EXERCISE AIM » Keep every word of the listing and drop the images when you write it out.

DATASET SECTION »
──────────

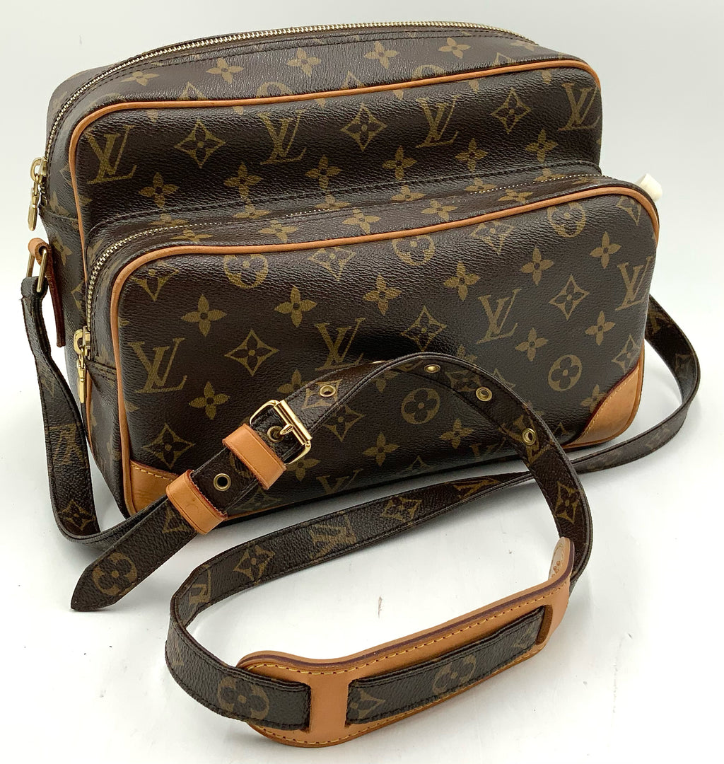 LOUIS VUITTON Monogram Canvas Cowhile Leather Trim & Lining Nile GM Crossbody Bag. Date Code:0037. 11"l x 5.5"w x 8"h.
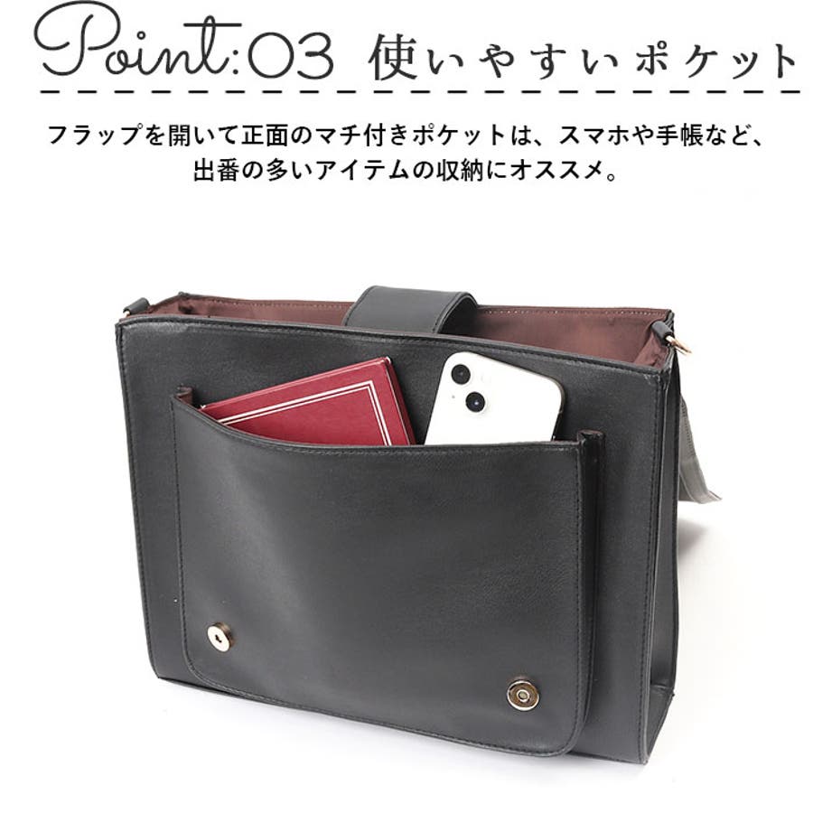 ・フラップを開いて正面のマチ付きポケットは、スマホや手帳など、出番の多いアイテムの収納にオススメ。
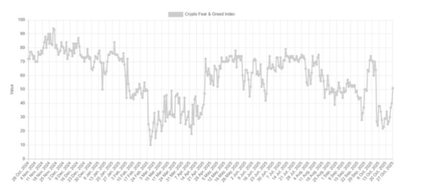 De Bitcoin koers heeft de afgelopen dagen een aanzienlijk herstel doorgemaakt en ligt weer boven de €115.000. Beleggers blijven echter opmerkelijk rustig. De Fear & Greed Index, die de angst en hebzucht van de markt beoordeelt, heeft een neutrale score van 51. Dit houdt in dat er momenteel geen angst of euforie is, terwijl de koers zich dicht bij een cruciaal hoogtepunt bevindt.
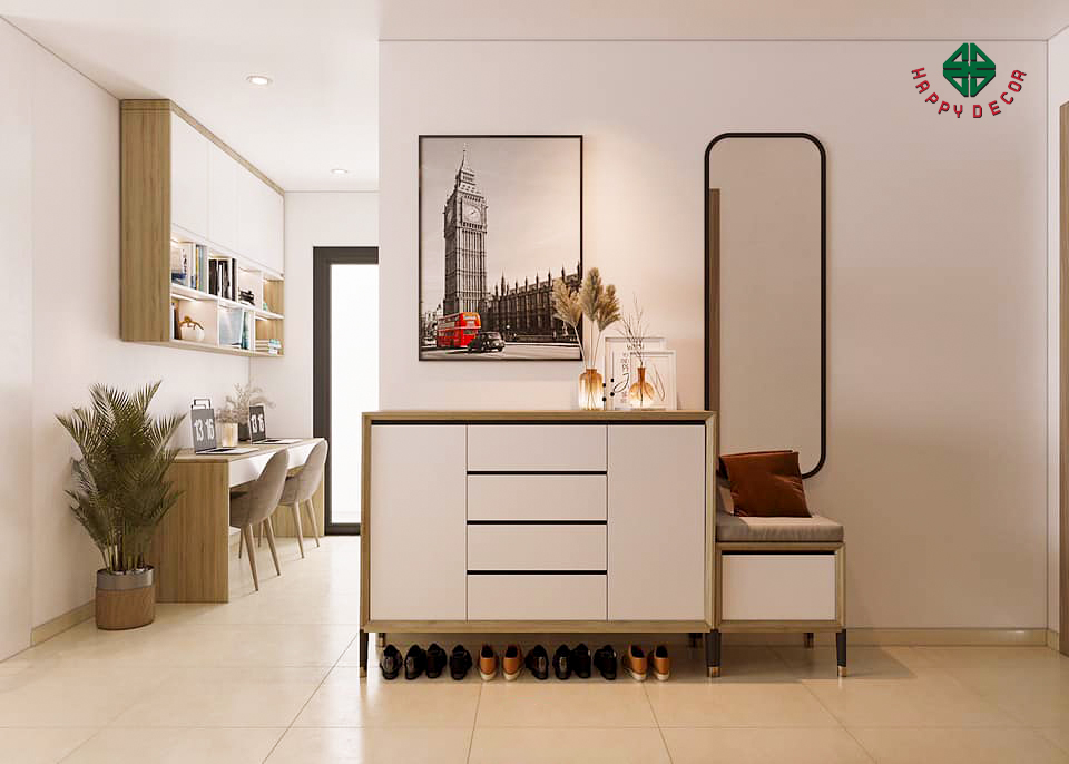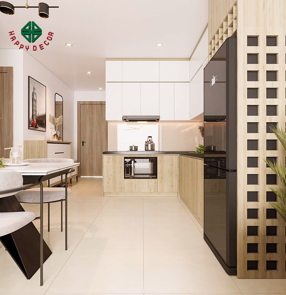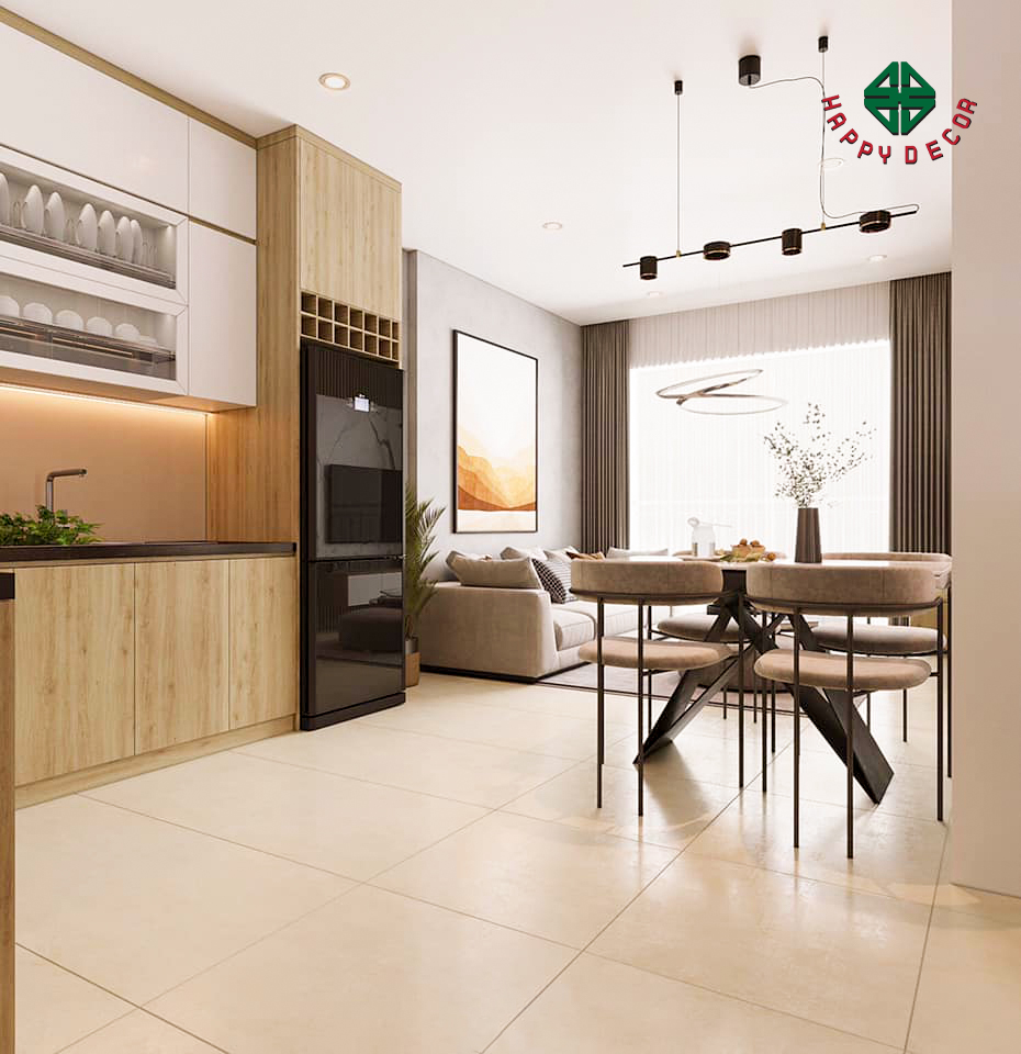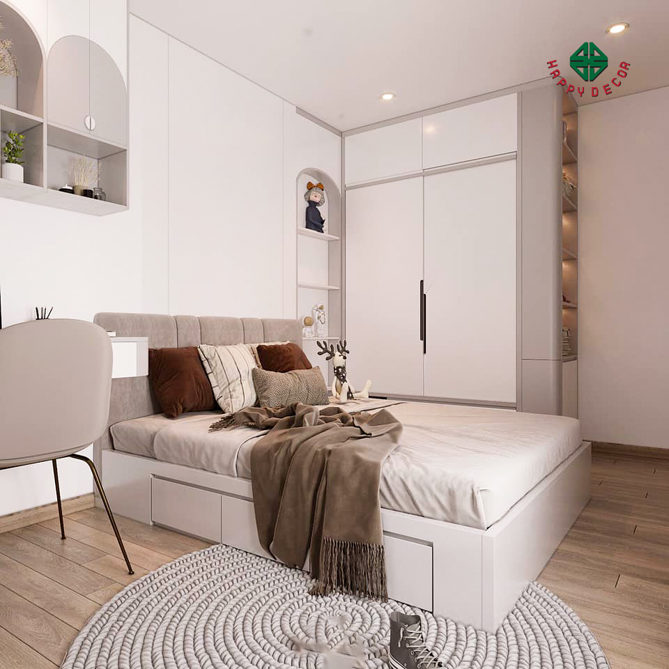 Về phần nội thất, Happy Decor cũng lựa chọn các sản phẩm hiện đại mang màu sắc trung tính tạo điểm nhấn nổi bật giúp căn phòng có chiều sâu và sinh động hơn.

──────────

RESULT OF THIS EXERCISE »
 LOUIS VUITTON Monogram Canvas Cowhile Leather Trim & Lining Nile GM Crossbody Bag. Date Code:0037. 11"l x 5.5"w x 8"h.
 ・フラップを開いて正面のマチ付きポケットは、スマホや手帳など、出番の多いアイテムの収納にオススメ。
 De Bitcoin koers heeft de afgelopen dagen een aanzienlijk herstel doorgemaakt en ligt weer boven de €115.000. Beleggers blijven echter opmerkelijk rustig. De Fear & Greed Index, die de angst en hebzucht van de markt beoordeelt, heeft een neutrale score van 51. Dit houdt in dat er momenteel geen angst of euforie is, terwijl de koers zich dicht bij een cruciaal hoogtepunt bevindt.
 Về phần nội thất, Happy Decor cũng lựa chọn các sản phẩm hiện đại mang màu sắc trung tính tạo điểm nhấn nổi bật giúp căn phòng có chiều sâu và sinh động hơn.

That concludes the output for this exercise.